Some details of Old Irish phonetics are not known. //sʲ// may have been pronounced /[ɕ]/ or /[ʃ]/, as in Modern Irish. //hʲ// may have been the same sound as //h// or //xʲ//. The precise articulation of the fortis sonorants //N/, /Nʲ/, /L/, /Lʲ/, /R/, /Rʲ// is unknown, but they were probably longer, tenser and generally more strongly articulated than their lenis counterparts //n/, /nʲ/, /l/, /lʲ/, /r/, /rʲ//, as in the Modern Irish and Scottish dialects that still possess a four-way distinction in the coronal nasals and laterals. //Nʲ// and //Lʲ// may have been pronounced /[ɲ]/ and /[ʎ]/ respectively. The difference between //R(ʲ)// and //r(ʲ)// may have been that the former were trills while the latter were flaps. //m(ʲ)// and //ṽ(ʲ)// were derived from an original fortis–lenis pair.

===Vowels===
Old Irish had distinctive vowel length in both monophthongs and diphthongs. Short diphthongs were monomoraic, taking up the same amount of time as short vowels, while long diphthongs were bimoraic, the same as long vowels. (This is much like the situation in Old English but different from Ancient Greek whose shorter and longer diphthongs were bimoraic and trimoraic, respectively: //ai// vs. //aːi//.) The inventory of Old Irish long vowels changed significantly over the Old Irish period, but the short vowels changed much less.

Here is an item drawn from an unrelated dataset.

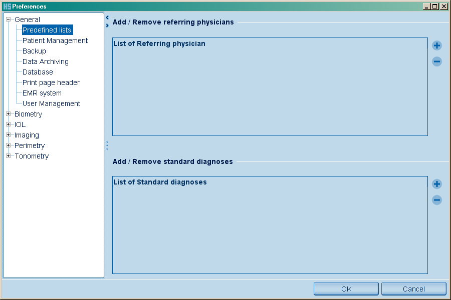 You can enter in the list of referring doctors the addresses of the partners who refer patients to you. This information can be assigned to the patient under Examination Data.

The following short vowels existed:

|  | Monophthongs |  | Diphthongs |  |
|---|---|---|---|---|
| Close | i | u | ĭu |  |
| Mid | e | o | ĕu | (ŏu)^{1} |
| Open | a, (æ ~ œ?) |  | ău |  |

^{1}The short diphthong /ŏu/ likely existed very early in the Old Irish period, but merged with //u// later on and in many instances was replaced with //o// due to paradigmatic levelling. It is attested once in the phrase i routh by the prima manus of the Würzburg Glosses.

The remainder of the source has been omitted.